Within the records below, find the line with "[02:43.47] | 儚い想いを月へ還した |" and the line with "Na podstawie spisów", then reproduce exactly those two lines and all lines between them, without any picture.

• _Records for the task_:
◆ ◆ ◆ ◆ ◆ ◆ ◆

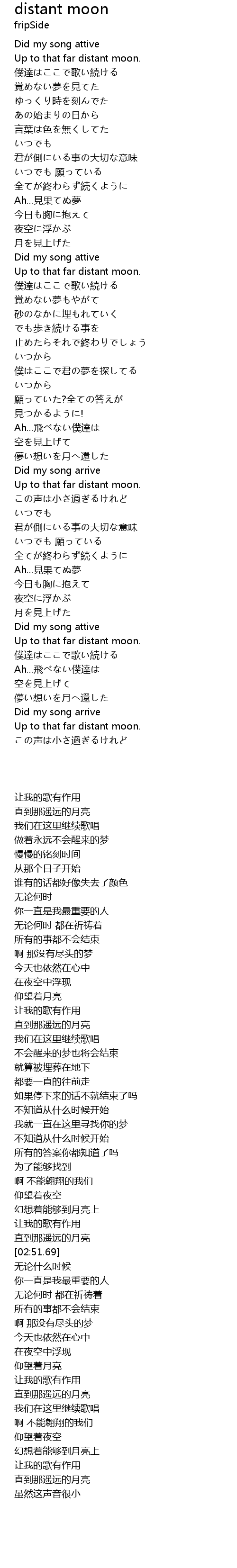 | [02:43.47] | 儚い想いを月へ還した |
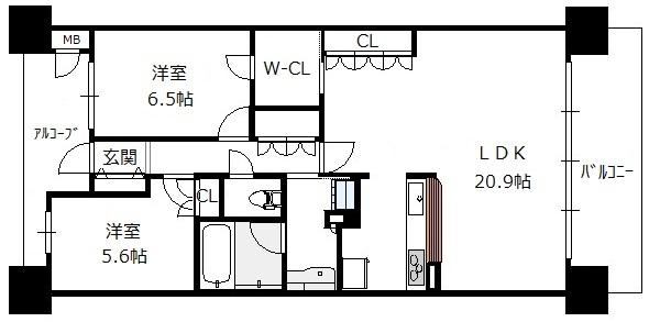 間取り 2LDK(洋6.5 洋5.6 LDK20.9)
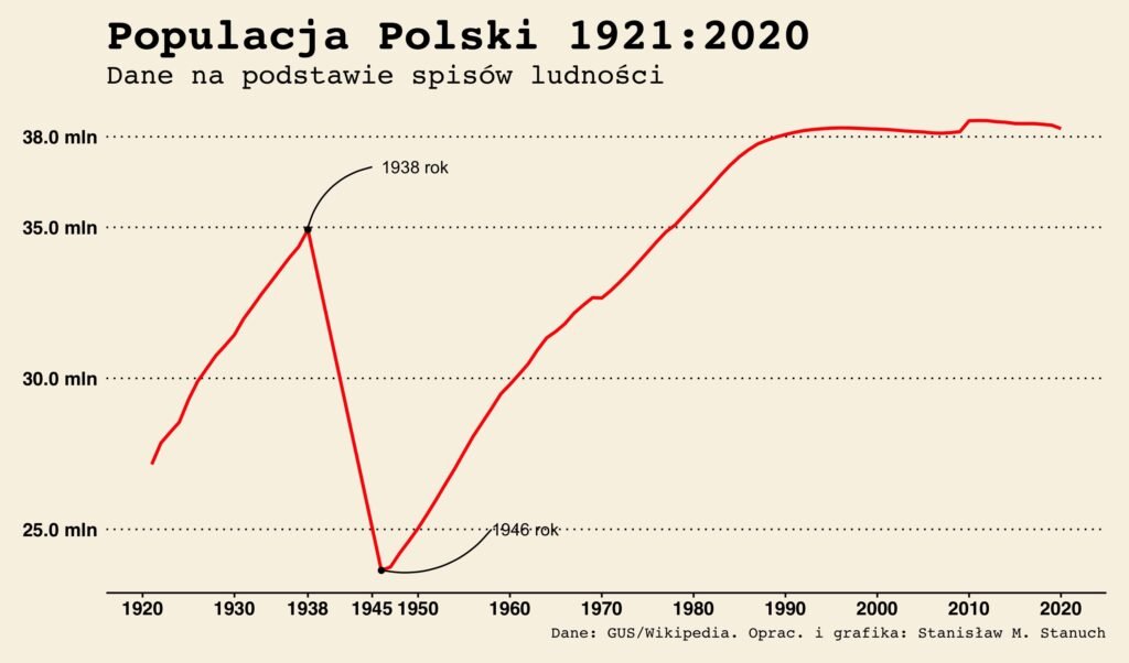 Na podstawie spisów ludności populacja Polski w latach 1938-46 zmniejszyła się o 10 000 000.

◆ ◆ ◆ ◆ ◆ ◆ ◆

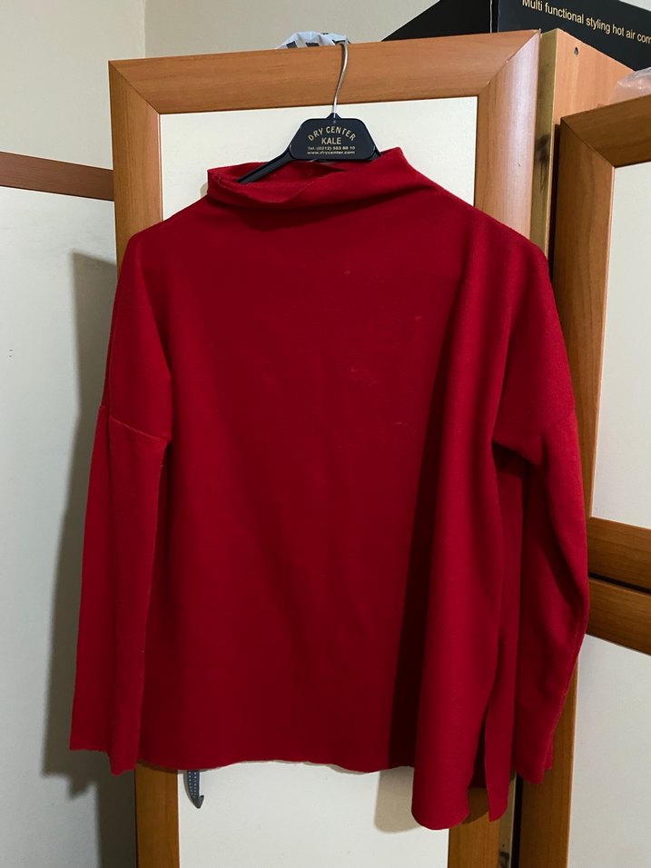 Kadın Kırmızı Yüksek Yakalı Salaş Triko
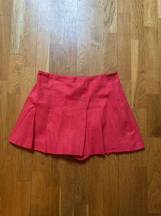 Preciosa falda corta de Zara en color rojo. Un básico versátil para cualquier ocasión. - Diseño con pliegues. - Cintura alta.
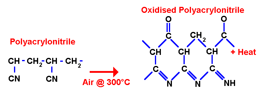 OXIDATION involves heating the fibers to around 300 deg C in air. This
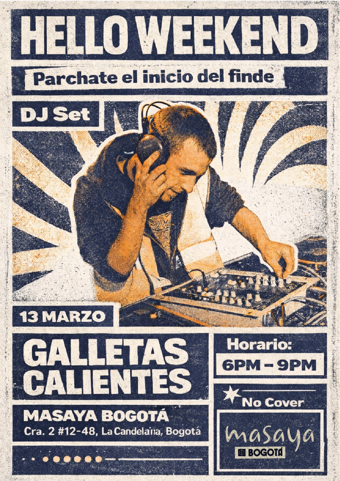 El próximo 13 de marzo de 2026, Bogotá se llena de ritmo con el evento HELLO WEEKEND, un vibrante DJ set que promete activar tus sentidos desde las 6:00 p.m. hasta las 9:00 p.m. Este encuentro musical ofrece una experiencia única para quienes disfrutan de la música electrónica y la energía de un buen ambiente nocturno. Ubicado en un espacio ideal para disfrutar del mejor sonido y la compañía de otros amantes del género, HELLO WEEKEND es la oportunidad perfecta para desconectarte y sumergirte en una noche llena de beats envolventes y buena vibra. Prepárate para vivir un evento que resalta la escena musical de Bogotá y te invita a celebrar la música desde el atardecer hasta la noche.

◆ ◆ ◆ ◆ ◆ ◆ ◆

• _Solved problem_:
 | [02:43.47] | 儚い想いを月へ還した |
 間取り 2LDK(洋6.5 洋5.6 LDK20.9)
 Na podstawie spisów ludności populacja Polski w latach 1938-46 zmniejszyła się o 10 000 000.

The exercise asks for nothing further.